Within no time the band is singing catchy, buoyant, choreographed, nationalistic anthems. They become famous on social media. Bindu and Sanju, whose romance is starting to blossom, set out for court on the same day, hopes of release high. Sanju’s lawyer won’t appear without pre-payment, and Bindu is given bail of 5 lakhs rupees (Rs 500,000 or around US$7,850) with no hope of ever being able to raise such a surety. The local Minister meanwhile recognises the potential of the band to influence the youth vote and, fearing that they might be released, instructs superintendent Dhulia to ensure that none of the band members get to court. Rufi’s young daughter gets spooked by her prison visits and refuses to come and see him.
The band, suddenly streamlined to just Bindu and the four men with the evaporation into thin air of both Tatyana and Sange, is suddenly full of despair. Selfishly, they protest at being denied any opportunity to secure their freedom. Dhulia rebukes them with, “Stop crying about hearings,” and threatens to pour kerosene down their throats. They become more selfless and decide to sing on. But they pressure Dhulia to allow them to purchase proper instruments if he wants their continued success… and he relents. In the middle of an impromptu performance to an excited shopping centre crowd, the five conspirators escape – hoping, at very long odds, to appear in a band contest to win prize money that will allow them to get themselves justice. Could they possibly pull it off? Will Tatyana and Sange reappear to whisk them off to Belarus? Or Nagaland? Will Machang Lalung’s record be broken?
Despite the tongue amputation attempt, the kerosene threat, the torture that Rufi seems to attract, some heavy-handedness from the prison officers, and Rufi’s increasingly political songs about struggle and freedom, this is really a gentle, benign film. A romance, with some gentle political prodding. And some prison humour; some of it relating to betting on catching rats, and more of it on the state of the latrines. Or at Dhulia’s expense when he names the band ‘Sainanis’ (or freedom fighters), after the (Independence) Freedom Fighters’ hall in which they first auditioned and practised, oblivious to the irony as they press for their own freedom… and then for that of others.

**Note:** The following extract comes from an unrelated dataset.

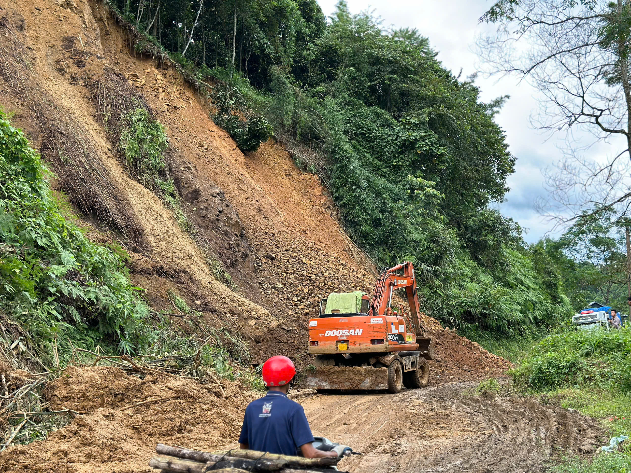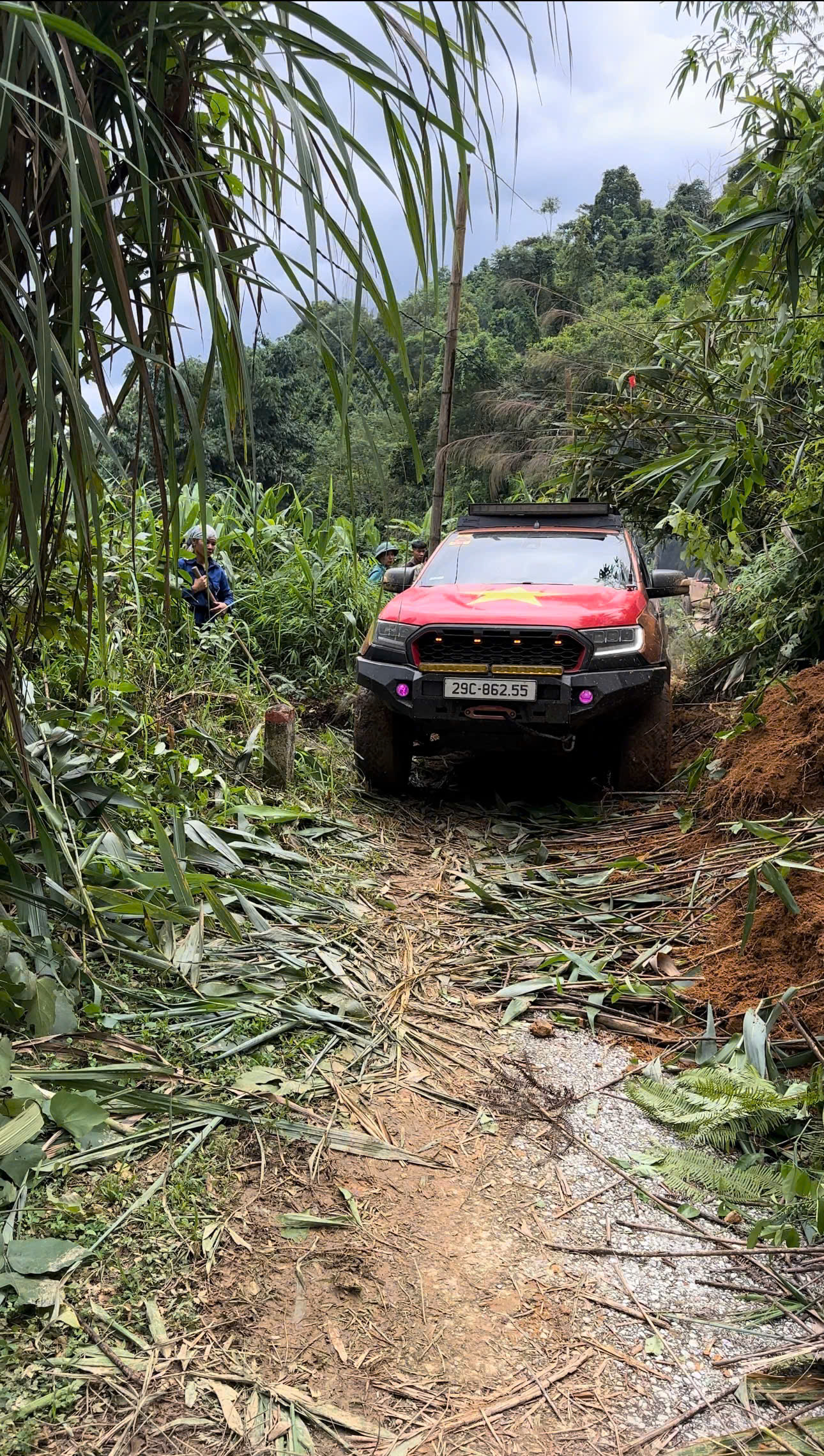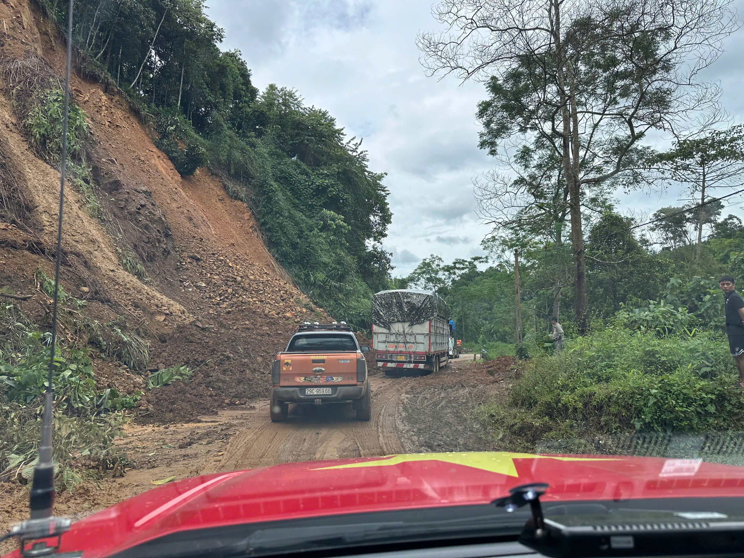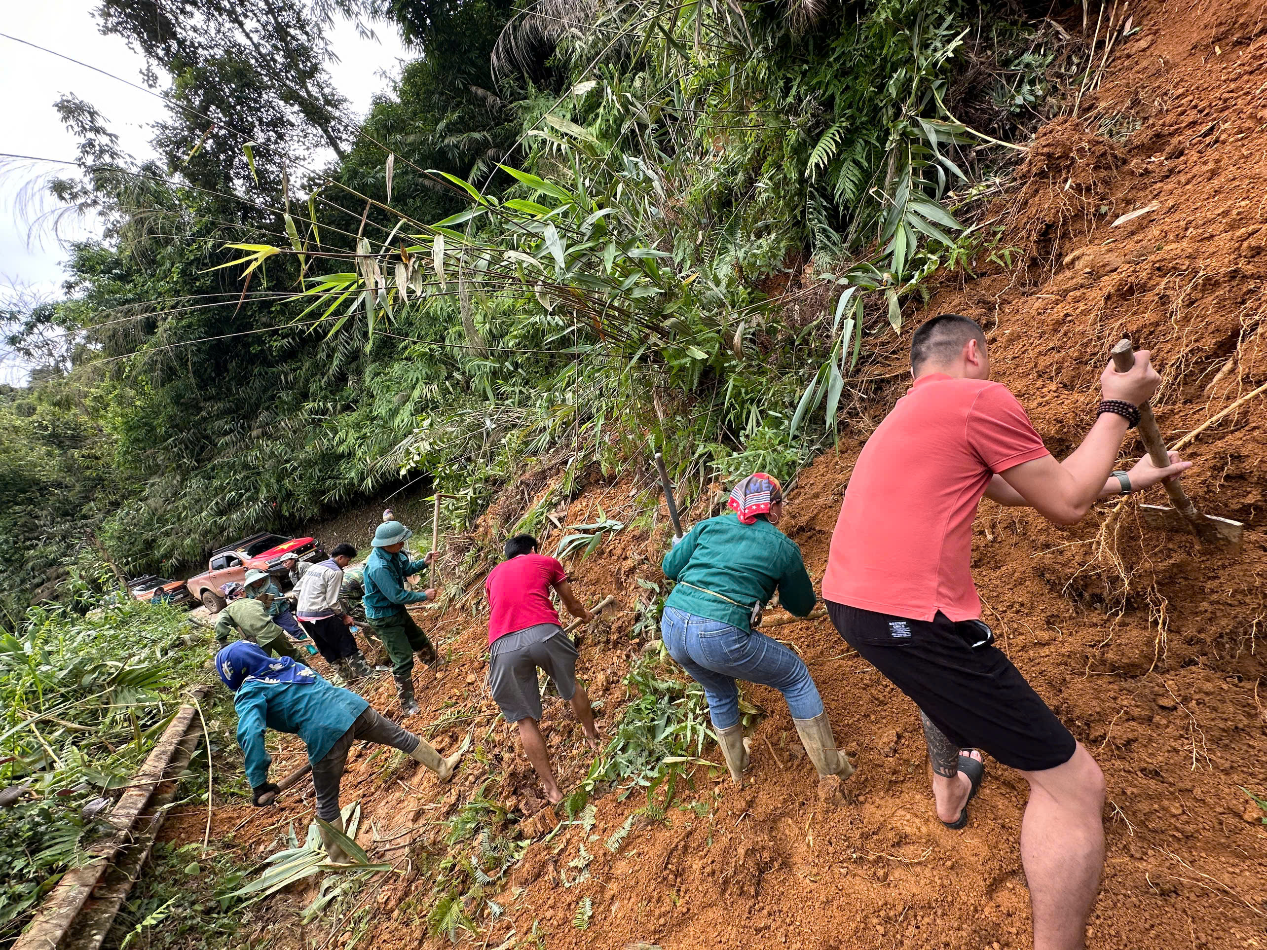 khi đến địa phận xã Bằng Lãng đoàn đã phải dừng lại do đường đi bị sạt lở. Rất may mắn chỉ sau khoảng 10 phút bà con ở đây đã hỗ trợ đoàn san đường để xe đi qua.

This is a likeable film. Preposterous, in terms of the plot, but likeable. It’s not clear to me whether, by highlighting the plight of those prisoners who spend more time in jail awaiting trial than the maximum penalty they could have received if found guilty, it has had any impact – but it can’t have hurt that campaign.
Posted on January 12th, 2018 at 8:30 pm. Updated on January 12th, 2018 at 8:30 pm.